The Net field is used to define which net this pad is to connect to. Pads automatically connect to any internal power planes that are assigned to the same net. The pad will connect to the plane in accordance with the applicable Power Plane Connect Style design rule. If you do not want a pad to connect to power planes, add another Power Plane Connect Style design rule targeting the required pads, with a connection style of No Connect. Pads connect to polygon pours in accordance with the applicable Polygon Connect Style design rule.

Setting the Jumper ID

If it is not physically possible (or desirable) to implement all connections as routing, for example on a single-sided PCB, then jumpers can be used. Within a component footprint, label the pads that are to be connected by a jumper with the same, non-zero, Jumper ID value. Pads that share the same Jumper ID and Net name tell the system that these pins will be connected by a physical jumper during PCB assembly, if that component also has a Type of Jumper.

Jumper connections are shown as curved connection lines in the PCB editor. The Design Rules Checker will not report jumper connections as unrouted nets.


Wire-link style jumpers can be defined by setting matching JumperID values in both pads.

Testpoint Settings

Use the Testpoint Settings to define this pad as a testpoint for Fabrication and/or Assembly. A testpoint is a location where a test probe can make contact with the PCB to check for correct function of the board. Any pad or via can be nominated as a testpoint, when this is done the component that the pad or via belongs to, automatically gets locked.

Mask Expansions

An opening in the paste and solder mask is automatically created by the software, the same shape as the pad. This opening can be larger (a positive expansion value) or smaller (a negative expansion value) than the pad itself, as defined by the Mask Expansion settings. Typically paste mask openings are smaller than the pad, while solder mask openings are larger than the pad, but there are exceptions to this. The default is for the pad to use the Expansion value from rules (the Paste Mask Expansion rule and the Solder Mask Expansion rule), this can be overridden and local values defined directly in the Pad dialog, if required.
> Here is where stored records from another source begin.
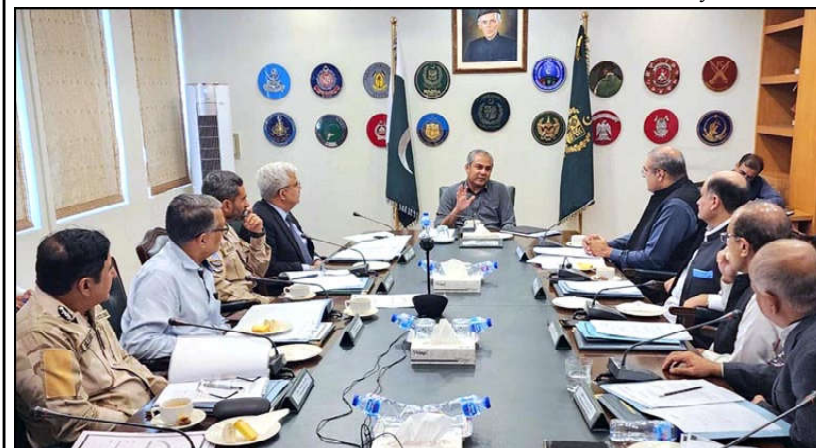
ISLAMABAD: Federal Minister for Interior and Narcotics Control Mohsin Naqvi chairing a meeting of Committee regarding National Drug Survey.

data collected will enable policymakers to make informed decisions in the fight against narcotics. Naqvi emphasized the importance of accurate survey data, stating that it will be crucial in shaping effective anti-narcotics strategies. He directed the relevant authorities to finalize the survey methodology and timeline within 15 days.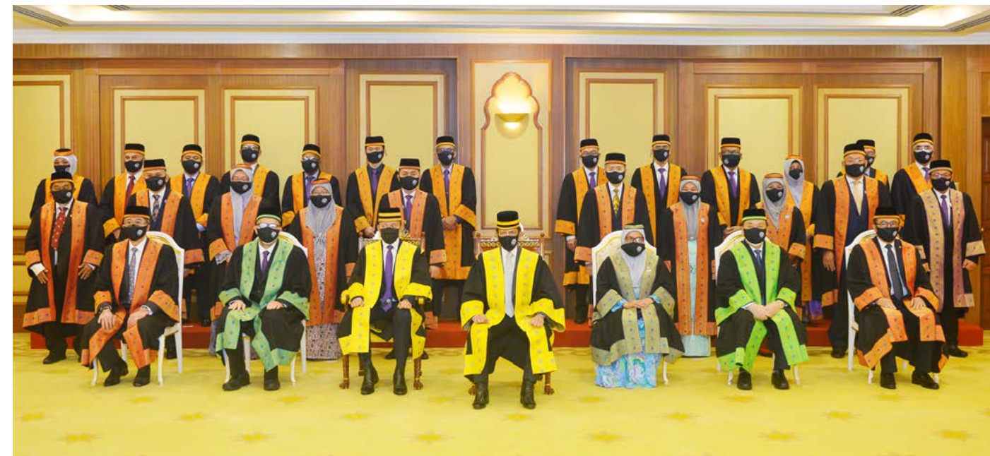
His Majesty the Sultan and Yang Di-Pertuan of Brunei Darussalam and His Royal Highness Prince (Dr.) Haji Al-Muhtadee Billah, the Crown Prince and Senior Minister at the Prime Minister's Office in a group photo with the council and senate members; vice-chancellor; core officers; academic workforce; as well as officers and staff members at the 9 th UTB Convocation Ceremony.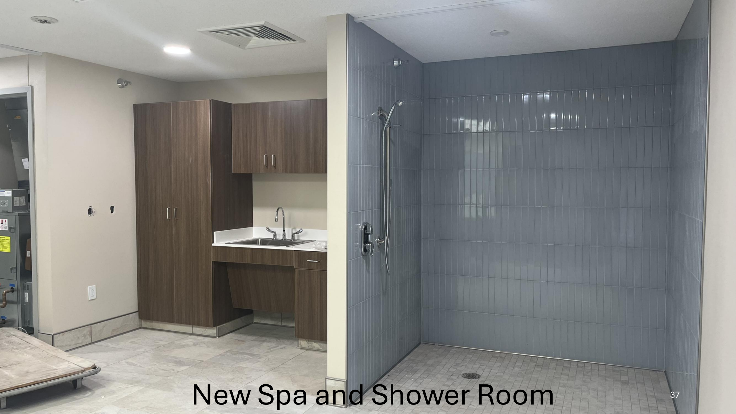
New Spa and Shower Room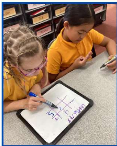
Year 3/4 students have been playing Tic Tac Toe in Maths to improve their number skills.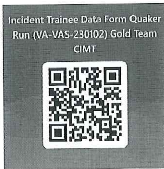
Quaker Run Check-In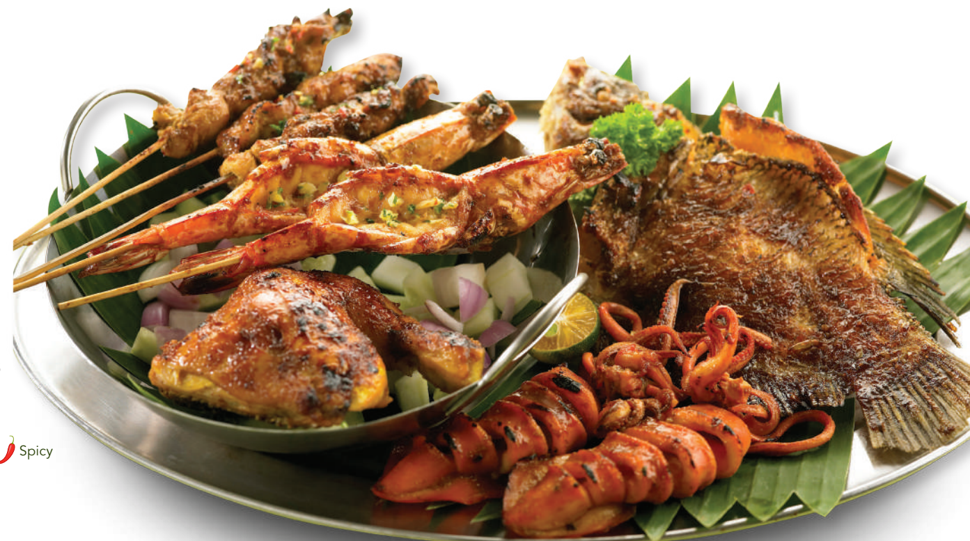
F7 Combi Bakar 🍴 68 Mixed BBQ Platter

~ Indonesian Selection ~ Thai Selection 🍴 Chef's Recommendation 🌶️ Spicy

The term tenting means to close off. If a tenting option is enabled then the settings in the applicable Solder Mask Expansion design rule will be overridden, resulting in no opening in the solder mask on that solder mask layer for this pad. When this option is enabled, the Expansion value from rules and the Specify expansion value options are ignored.
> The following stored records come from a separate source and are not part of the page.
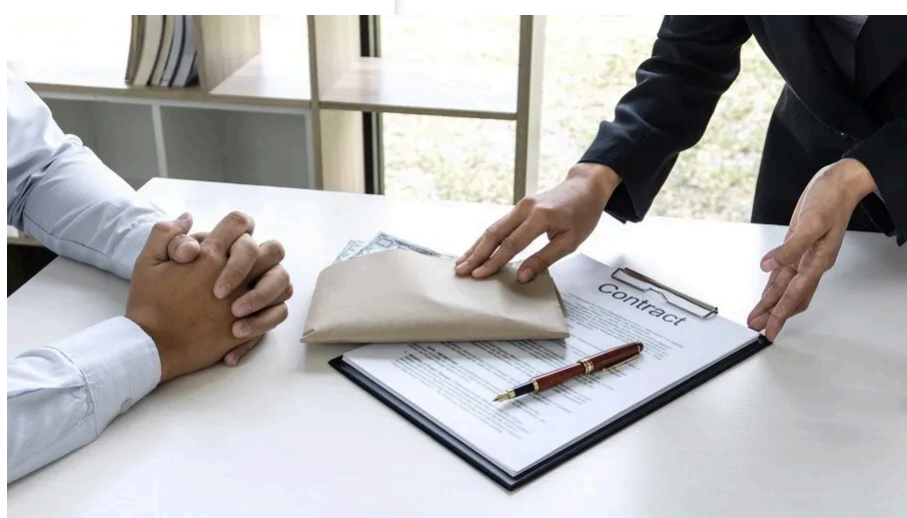
The Best Tarzana Car Accident Lawyer

The prosecution should verify the vehicle driver recogni from escaping obligation and to make sure injured indiv vehicle mishap, your household can file a wrongful fatal need to contact the insurance provider right after the acc insurance provider can link your injuries to this particul report and might test your insurance claim. To compute victim.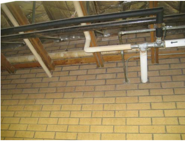
Photograph 7-SUU ENGINEERING & TECHNOLOGY BUILDING T001: ACM TSI joints/fittings, room 106 Wood Lab.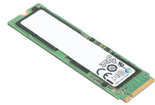
ThinkPad 1TB PCIe NVMe OPAL2 M.2 2280 SSD PN: 4XB0W79582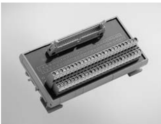
ADAM-3950 50-pin DIN-rail Flat Cable Wiring Board

PCI-1713U, PCI-1715U, PCI-1718H DU, PCI-1720U, PCI-1730U, PCI-1733, PCI-1734, PCI-1750, PCI-1760U, PCI-1761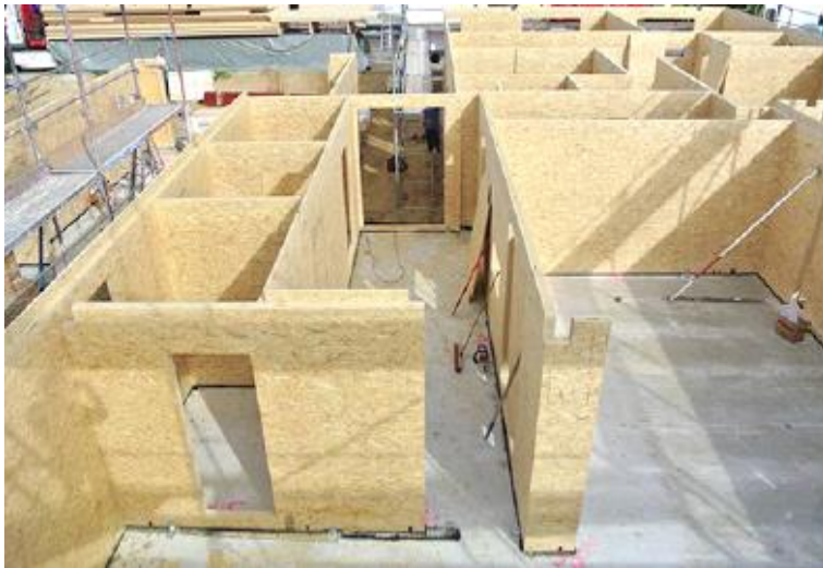
Layouts as wished or required with MAGNUMBOARD® OSB

The rooms of a building can also be freely placed, sized and configured entirely based on the owner's ideas and wishes. The walls are much thinner than with other construction systems, so there is more space to use. There can be spacious, open rooms or a larger number of smaller ones, depending on the needs and preferences of those who will later use or occupy the building. Every house built with MAGNUMBOARD® OSB is unique.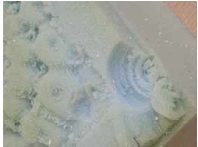
Figure 4: Spalling in an unprepared sponge

The research accounts for this behavior by stiffening the material using combinations of rice or potato starch, cellulose gum, or even dried clay. Stiffened foam cuts quickly and precisely, thus reducing machine time. Since the foams in question contain roughly ninety percent air, shop dust and material waste are also greatly reduced.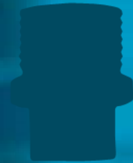
Screw fitting 1/4F x M22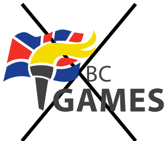
Do not change the font size or any other element of the logo. Do not use parts of the logo or separate any element from the text.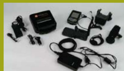
Accessories used in a typical application involving a separate printer and mobile computer.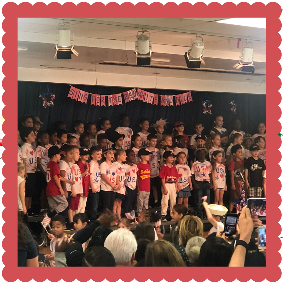
1st Grade did a fantastic job with their play honoring our Veterans!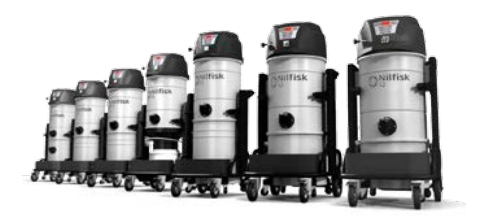
Fig. 3 Reliable and easy to use, here the singlephase industrial vacuums for your company ff

Available in more than 90 variants including the certified versions (TüV, L-M-H), the new S2 and S3 are the starting point of the future of industrial vacuum technology.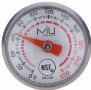
90039 Instant Read Analog Pocket Thermometer NSF Certified List $10

5-inch stainless-steel stem 1-inch dial instantly displays temperatures from 0 to 220°F Dial is protected by a shatterproof plastic lens Thermometer can be recalibrated Pocket case included

Paste and Solder mask layers are shown in the negative, that is, when you see an object on one of those layers it is actually a hole or opening in that layer.

If your component needs paste or soldermask shapes that are different from the pad shape, then you can place design objects, such as fills, regions, tracks or arcs, directly onto the top solder or paste mask layer in the library editor, to create the required shape.

Editing via an Inspector Panel

Panel pages: PCB Inspector, PCBLIB Inspector

An Inspector panel enables the designer to interrogate and edit the properties of one or more design objects in the active document. Used in conjunction with appropriate filtering, the panel can be used to make changes to multiple objects of the same kind, from one convenient location.